In 2012, iFlytek launched its voice cloud platform as part of its efforts to build an ecosystem for the AI industry. Since then, more than 860,000 developers have worked on the platform, which connects 1.9 billion devices and provides nearly 4.6 billion interactive services each day. 

In 2015, iFlytek launched the human-machine interaction interface AIUI, hitting a milestone in the AI industry. AIUI redefined the standards for human-machine interaction in the connected era. Hu adds, “In 2017, iFlytek was announced as one of China’s first open innovation platforms for next-generation AI and our platform will focus on intelligent voice technology. The government clearly recognizes the importance of the ecosystem built on our company’s AI.”

AI: An industry enabler

iFlytek is also applying intelligent voice and AI technology to different sectors, including the judiciary and education.

In the justice system, iFlytek is working with China’s Supreme People’s Court and Supreme People’s Procuratorate (public prosecutors).

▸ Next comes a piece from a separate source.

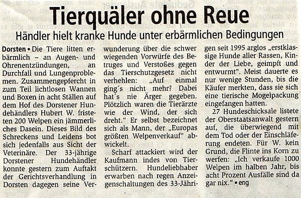 Zehn Monate Freiheitsstrafe auf Bewährung für Hundehändler Dorsten.

In 2016, a test in Anhui Province showed that an AI system could identify phone scams with a very high level of accuracy. Moreover, a pilot study found that trials were 30 percent shorter when intelligent voice recognition was used instead of a human reporter.

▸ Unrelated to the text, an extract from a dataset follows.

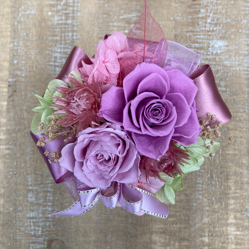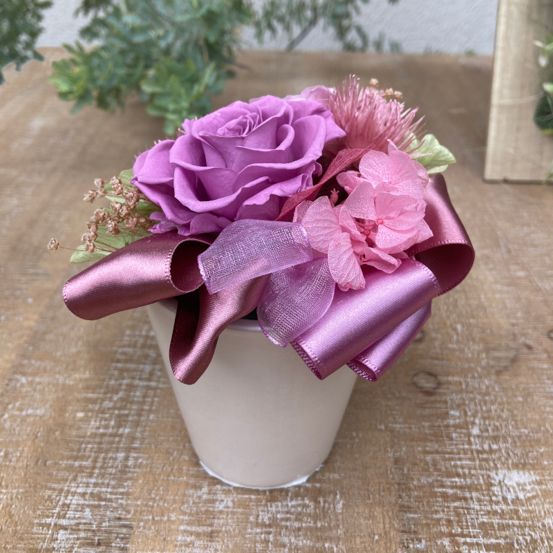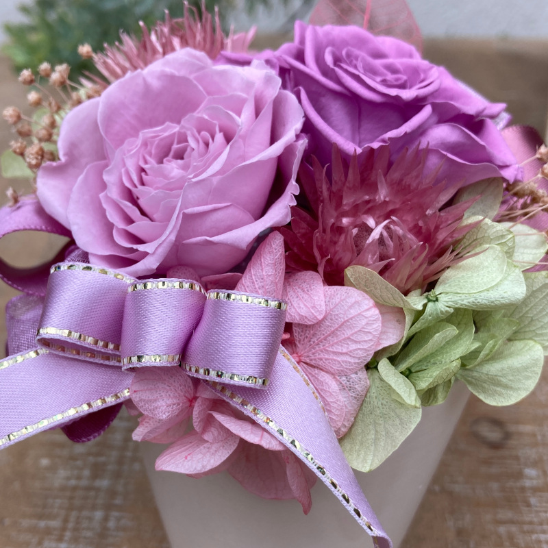 可愛いローズを使ったプリザーブドフラワーアレンジ(パープル)

In education, AI has outperformed all expectations in scoring test papers. In a test in Jiangsu Province, two different AIs scored a series of college entrance test papers. For Chinese essay questions, the two AIs differed by an average of less than seven points per paper. They were 92.82 percent consistent – more than 5 percent higher than the average consistency of two human teachers. A trial in Hunan showed similar scores. 

iFlytek is currently working with China’s National Education Examinations Authority to build an AI lab to jointly develop more advanced technologies for education.

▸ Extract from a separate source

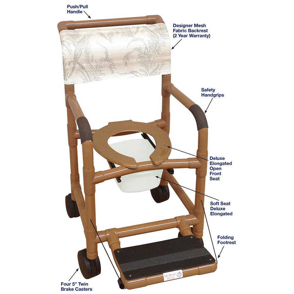 Healthcare Grade, Deluxe Elongated Open Front Soft Seat Enhances Resident Comfort, Safety Handgrips, Push/Pull Handle And Fast Drying Removable Mesh Back/Sling, Square Commode Pail, Folding Footrest And Reinforced At All Stress Related Areas.

A partnership covering multiple markets 

iFlytek and Huawei have formed a strategic partnership to develop practical applications for voice and AI technology in the areas of telecoms and smart devices, building on nearly a decade of collaboration. In 2010, the two companies deployed the world’s first open cloud platform for Chinese voice recognition. 

In May 2018, Huawei and iFlytek signed a strategic agreement covering four areas: public cloud services, ICT infrastructure, smart devices, and office IT systems. Huawei also integrated iFlytek’s AI technology into its smartphones to gain an edge over its competitors. Huawei and iFlytek are working on smart devices and device cloud services based on iFlytek’s voice AI technologies and capabilities, including voice recognition, speech synthesis, iFlyrec, and iFlytek translation.

In the enterprise space, Huawei uses iFlytek’s technology and products in its infrastructure and its own office applications. The iFlytek speech engine will form a key component of Huawei’s Enterprise Intelligence cloud platform. Hu believes that in the intelligence era, all AI applications will run on the cloud. As cloud computing consumes a lot of resources, device computing and edge computing will better support AI. 

Each with its own strengths and ecosystems, we’re certain that Huawei and iFlytek will help build a strong AI ecosystem and make AI a valuable asset to life, business, and society.